Pragnę zwrócić uwagę,że owo larum podnieśli dwaj europosłowie z PiS-p.M.Migalski i p.R.Czarnecki tu cytat:
"Europosłowie Prawa i Sprawiedliwości - Marek Migalski i Ryszard Czarnecki - nawołują do bojkotu piwa "Lech" i innych produktów Kompanii Piwowarskiej. Do apelu przyłącza się także redakcja portalu Niezależna.pl."
http://www.niezalezna.pl/article/show/id/37232

Trudno ich posądzać o jakieś działania marketingowe na rzecz KP.

Tak się składa,ze w Krakowie nie bywam zbyt często i w sumie nie wiedziałam,że takie coś tam jest.
Wklejając fragment art, chciałam zwrócić uwagę na słuszną inicjatywę bojkotowania firmy,która powinna była-nawet jeśli kampanię przygotowywała pól roku wcześniej-z niej zrezygnować właśnie ze względu na okoliczności.

Swoją drogą skąd pomysły marketingowców,by akurat na ten rok ruszyć z ruskim tyskim i zimnym ?

avatar użytkownika Krzysztofjaw

2. @Maro

Witam
Ja nie neguję potrzeby bojkotu... zresztą sam się do niego przyłączam i to totalnie... z tym, że zbyt późno ten bojkot ogłoszono i nagłośniono medialnie... sprawa jest znana od co najmniej miesiąca. Informacje o niej pojawiły się w gazetach krakowskich zaraz po wyborach (były to głosy oburzenia)... gdzie wtedy byli posłowi PiS (nawet Ci lokalni?)... ale ok... bojkot jest potrzbny...
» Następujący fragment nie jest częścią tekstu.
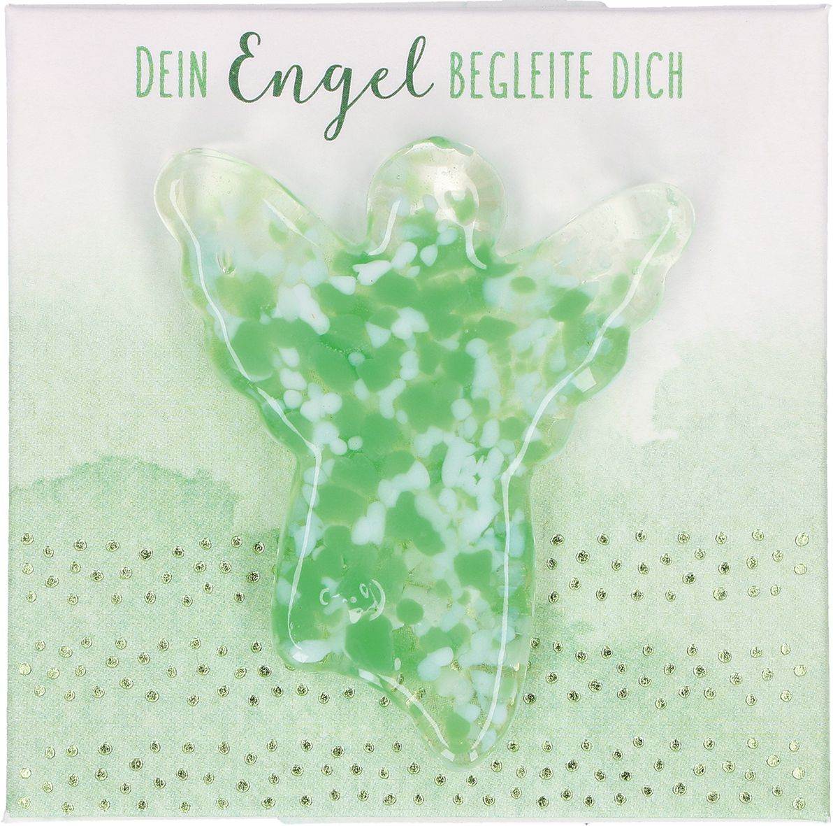 Handschmeichler aus grün-weißem Fusingglas in Engelform; Lieferung in Geschenkverpackung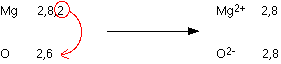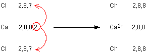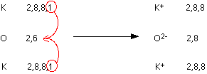 A negative ion is sometimes called an anion. The nature of the bond The sodium ions and chloride ions are held together by the strong electrostatic attractions between the positive and negative charges. The formula of sodium chloride You need one sodium atom to provide the extra electron for one chlorine atom, so they combine together 1:1. The formula is therefore NaCl. Some other examples of ionic bonding magnesium oxide Again, noble gas structures are formed, and the magnesium oxide is held together by very strong attractions between the ions. The ionic bonding is stronger than in sodium chloride because this time you have 2+ ions attracting 2- ions. The greater the charge, the greater the attraction. The formula of magnesium oxide is MgO. calcium chloride This time you need two chlorines to use up the two outer electrons in the calcium. The formula of calcium chloride is therefore CaCl2. potassium oxide Again, noble gas structures are formed. It takes two potassiums to supply the electrons the oxygen needs. The formula of potassium oxide is K2O. THE A'LEVEL VIEW OF IONIC BONDING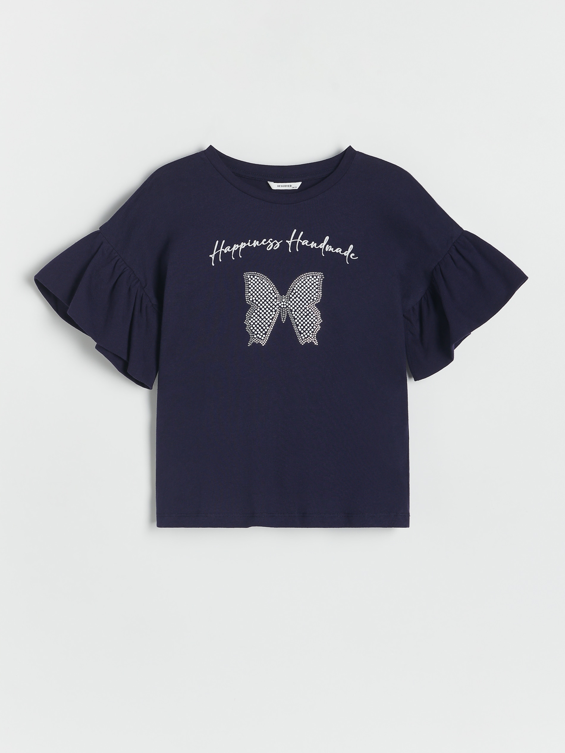 Футболка для дівчинки темно-синя з метеликом – Reserved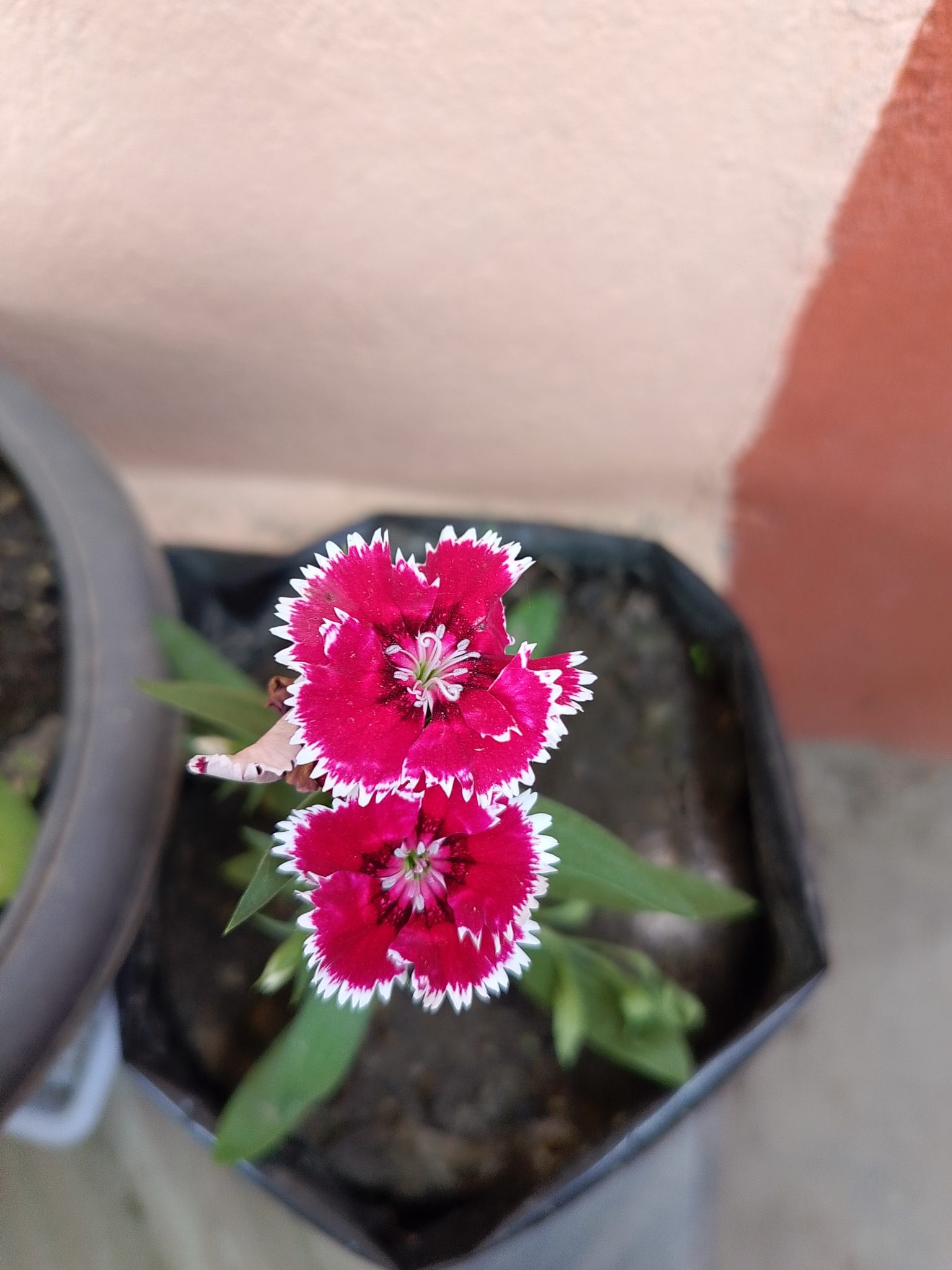 Alternative Text: A close-up view of vibrant pink flowers with white fringed edges, growing in a black pot.

Natomiast fundamentalne i to bardzo fundamentalne pytanie zadałaś w ostatnim zdaniu... zresztą chciałem żeby właśnie ten post skłaniał do zadania tego pytania!

Krzysztof Jaworucki (krzysztofjaw)

avatar użytkownika Maryla

3. Billboard "Zimny Lech" zniknie z Krakowa

http://wiadomosci.onet.pl/2681,2205097,billboard_zimny_lech_zniknie_z_kr...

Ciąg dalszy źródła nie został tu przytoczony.